[This introduction to Jean Renoir's Elena and Her Men was presented on June 22, 2014 at the St. Louis Art Museum as a part of the 2014 Classic French Film Festival.]
Jean Renoir's 1956 feature Elena and Her Men is rarely cited as one of the director's more enduring cinematic accomplishments. Critics have even labeled it with that dreaded adjective, “lesser". As in: “Elena is lesser Renoir.” Certainly, the film falls at the later and less well-regarded end of the director's filmography. Renoir had spent most of the 1940s making films in Hollywood, which had been a somewhat disillusioning experience for him. He subsequently traveled to India to shoot his first color film, The River, before returning to Europe in the early 1950s. There he helmed three features in succession: The Golden Coach, French Cancan, and Elena and Her Men. All three were luscious Technicolor productions that blended light comedy, romance, and music. None of them were especially loved in their time by audiences or critics—with the notable exception of nascent French New Wave figures such as François Truffaut and Jean-Luc Godard. Elena and Her Men in particular was dismissed when it premiered in Paris in September of 1956, and then in the U.S. in the following March under the suggestive English title Paris Does Strange Things. The contemporary New York Times review decried the film as a “bewildering” “fiasco” with “horrible acting”. With all due respect to the late great Times critic and professional curmudgeon Bosley Crowther, he was just plain wrong about Elena.
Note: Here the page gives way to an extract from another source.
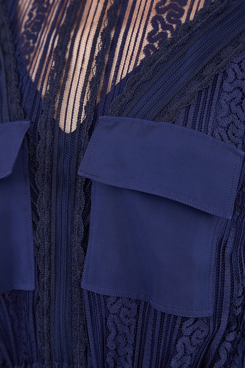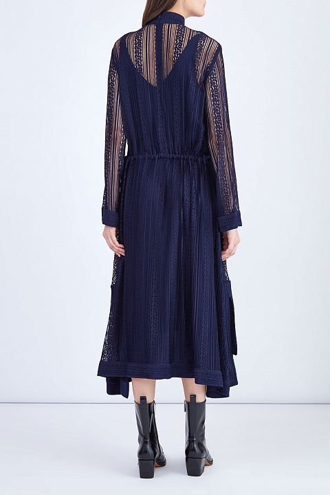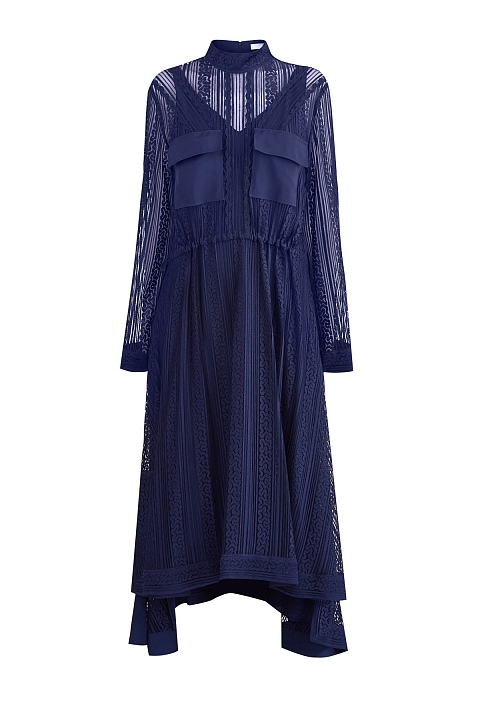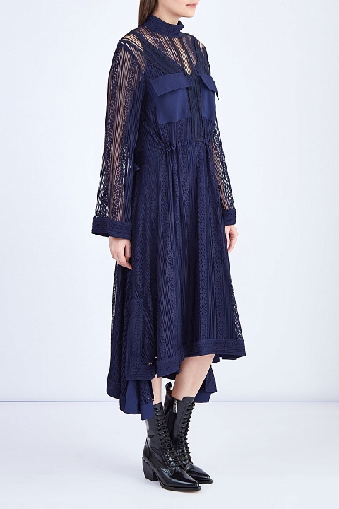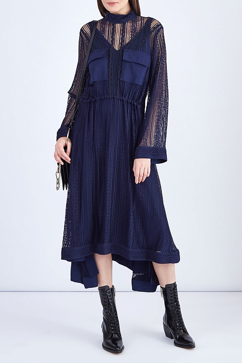 Летящее платье-миди из коллекции осень-зима от Chloe создано из вуали с кружевной отделкой в густом синем цвете. Потайная кулиска по линии талии образует приталенный силуэт, а также эффектно драпирует ткань. Модель дополнена накладными карманами с клапанами в стиле карго из вискозы и высоким воротом и расклешенными книзу рукавами. Внутреннее платье-комбинация из струящегося шелка в тон обеспечивает посадку по фигуре, асимметричный срез подола завершает дизайн.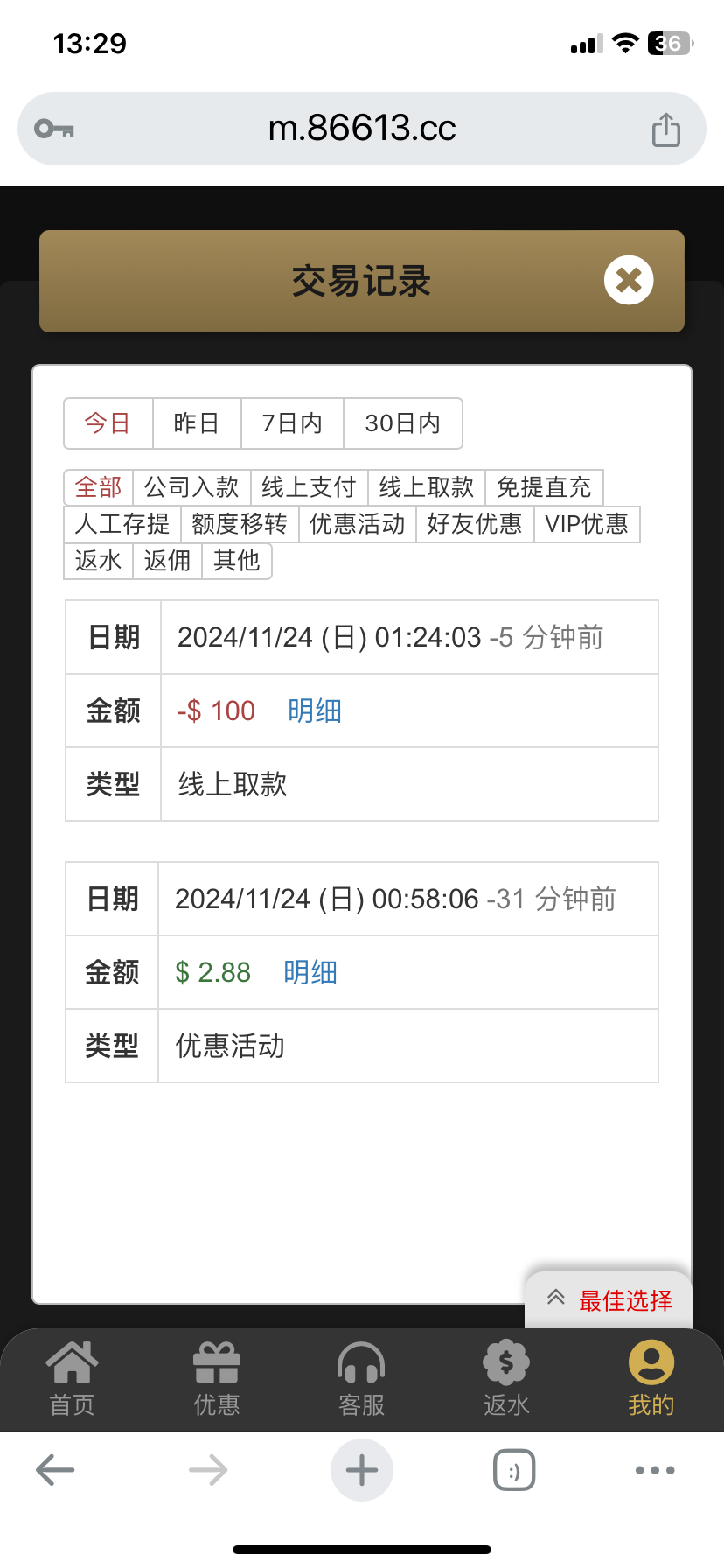 登陆上去就有我的才2.88但出了100

Jean Renoir was always a reflective and self-effacing artist, and he freely admitted after the fact that his primary motivation for making Elena had been the opportunity to work with iconic Swedish performer Ingrid Bergman. At the time, the actress was near the end of her self-imposed exile in Europe, a situation necessitated by American outrage over her affair with and then marriage to Italian director Roberto Rossellini. Bergman had not previously portrayed the lead in a comedic feature, and Elena demonstrates that Renoir understood how to utilize the actress' world-renowned glamour (and sexual notoriety) as a farcical building block.
Her character, Elena, is a Polish noblewoman of dwindling means, dwelling in a turn-of-the-century France that is ripe with nationalist sentiment. Strong-willed but fickle, romantic but ambitious, Elena is the shimmering star around which a cluster of love-besotted men orbit. These suitors collide and careen off one another, creating ripples in the French political order and along armed European borders. The white daisy that Elena bestows as a good luck charm multiplies as the film goes on, marking the lapels of soldiers, supplicants, and spin doctors like a telltale thumbprint. The flower seems to say, “Elena Was Here”. However, the woman herself remains an enigma. Elena's motivations are obscure and contradictory: she seems to relish the pragmatic power that her beauty and charm afford, but also craves the pure, poetic love of a devoted man.
Foremost among the men that dance on Elena's strings is the guileless General Rollan, portrayed by director Jean Cocteau's dashing muse and partner, Jean Marais. Rollan is loosely based on real-world French officer and politician Georges Ernest Boulanger. A hero of the Franco-Russian War, Boulanger became a populist conservative icon in the late nineteenth century, and was nearly goaded into toppling the Republic in a coup d'état. Renoir and co-writer Jean Serge hastily fictionalized the script out of respect for Boulanger's living descendants, resulting in a film that feels gently rather than viciously satirical. The story's target it not the specific weaknesses of French culture, but the general gullibility of humankind. Leaders rouse the masses with jingoistic pomp, while the leaders themselves are cajoled by scheming lackeys.
In this and other respects, Elena and Her Men shares more than a few features with Shakespeare's comedies. There is the shifting love triangle at the center of the plot, as well as a secondary, more buffoonish romantic rivalry. Like one of the Bard's bawdy farces, the film includes costume swaps and mistaken identities, betrothals and rendezvous, and a tidy yet cynical ending. Elena even features a troupe of traveling performers, in the form of a Roma circus caravan. The Golden Coach, French Cancan, and Elena and Her Men all deal with spectacle and illusion. The earlier films approach these themes through, respectively, the commedia dell'arte and the French café-chantant. Elena's gypsy carnival folk merely underline what is already apparent from the Bastille Day military parade, the sensational newspaper headlines, the hawking street musician, the choreographed dinner party, and the worshipful bordello madam. All point to one truth: everything is a performance for someone's benefit.